Весьма немного говорено было по этому предмету между ней и архидиаконом, а между тем они, по-видимому, соглашались, что необходимо принять какие-нибудь меры. Он отправился в Лондон, виделся с дочерью, но не решился, однако, намекнуть ей об этом. Лорд Думбелло был сердит и весьма несообщителен. Как архидиакон, так и мистрис Грантли находили, что в доме их дочери для них не было комфорта, а так как они держали себя довольно гордо, то редко посещали своего зятя и не требовали от него особенного радушия. Однако он не мог не заметить, что в доме в Чарльстон-Гарденс было что-то не совсем ладно. Лорд Думбелло не был любезен с женой, в молчании, а не в словах прислуги было что-то угрюмое, оправдывавшее молву, которая достигла и до него.

– Он бывает там чаще, чем бы следовало, – сказал архидиакон. – Во всяком случае, я уверен в том, что эти посещения не нравятся Думбелло.

– Я напишу ей, – сказала мистрис Грантли. – Все-таки я ей мать: непременно напишу. Быть может, она и не знает, что говорят о ней люди.

И мистрис Грантли написала следующее:

«Пломстед, апреля, 186…

Милая моя Гризельда, иногда мне приходит на мысль, что ты до такой степени удалена от меня, что я едва ли имею право принимать участие в повседневных делах твоей жизни, и я знаю, что ты не имеешь возможности обращаться ко мне за советом или сочувствием, что, конечно, ты делала бы, выйдя замуж за джентльмена из нашей среды. Но я совершенно уверена, что мое дитя не забывает своей матери, оглядываясь на прошедшее, вспоминает ее нежную любовь, и что она позволит мне побеседовать с ней и подать помощь в трудные минуты жизни, как я подала бы ее всякому другому детищу, которого любила и лелеяла. Молю Бога, чтобы опасения мои относительно близости к тебе таких минут не имели никакого основания. Если же я не ошибаюсь, то, надеюсь, ты простишь мне мою заботливость.

До нас, более чем с одной стороны, дошли слухи, что…

О, Гризельда! Я решительно не знаю, какими словами скрыть от тебя и в то же время объяснить то, что должна написать. Говорят, что ты вступила в интимные отношения с мистером Поллисером, племянником герцога, и что муж твой сильно оскорблен. Может статься, лучше высказать тебе все откровенно, не считая за нужное предупреждать тебя, что я этому не верю.
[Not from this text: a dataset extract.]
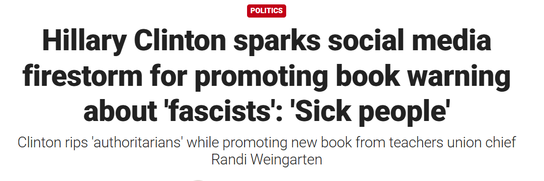Clinton’s comments caused “outrage” but she doesn’t care because her audience isn’t normal people but the loons on the left, and she was obviously signaling to them that despite Charlie Kirk being shot by an assassin who called Kirk a fascist, it is still acceptable and encouraged to call everyone you don’t like a fascist. You don’t have to understand what the word means, and in fact it is better for Them if you don’t.

Говорят, будто бы ты намерена совершенно отдаться под покровительство мистера Поллисера. Милое дитя мое, ты можешь представить себе, с какою пыткою в душе я пишу эти слова, какую страшную пытку должна была перенести, прежде чем допустила мысль, на которую навели меня эти слова. Об этом открыто говорят в Барчестере, и твой отец, который был недавно в Лондоне и видел тебя, чувствует себя не в состоянии сказать мне что-нибудь успокоительное.